Now the last part of the question says "What is the concentration of the salt in the tank when the tank first overflows" which I can do (by way of help from an online source).

However, I'm having trouble with the first two parts of the Q:

Set up the differential eqns governing V(t) and C(t)

Solve the governing equations to find the particular solutions for V(t) and C(t).

Because I can do the final concentration question I have probably answered the above 2, but I just don't know what the hell they are asking for!!

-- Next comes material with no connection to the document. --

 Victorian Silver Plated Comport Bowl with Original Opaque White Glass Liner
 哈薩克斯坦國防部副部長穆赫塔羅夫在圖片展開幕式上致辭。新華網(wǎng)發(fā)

All help greatly appreciated,

sorry for being long winded,


thanks!

-
initial mass of salt = 0.1 * 100 = 10 grams

V = (20 - 10)t + 100 = 100 + 10t

dC/dt = (0.4)(20) - C/(100 + 10t) * 10

dC/dt + 10C/(10t + 100) = 8

integrating factor,

k = e^(∫ 10/(10t + 100) dt)

k = e^(ln (t + 10))

k = (t + 10)

general solution,

C k = ∫ 8k dt

C (t + 10) = ∫ 8(t + 10) dt

C (t + 10) = 4t² + 80t + constant

initial condition, at t = 0 ⇒ C = 10 grams

10 (0 + 10) = 4 * 0² + 80 * 0 + constant

constant = 100

C (t + 10) = 4t² + 80t + 100

when the tank will overflow at t = T

V = 100 + 10t

200 = 100 + 10T

T = 10 minutes

mass of salt ant T = 10 min

C (10 + 10) = 4(10)² + 80(10) + 100

C = 65 grams

concentration of solution is

G = 65/200

G = 0.325 gram/L




EDIT:

as your question : "But, I can't see where you've factored in the 10L/min exiting the tank?"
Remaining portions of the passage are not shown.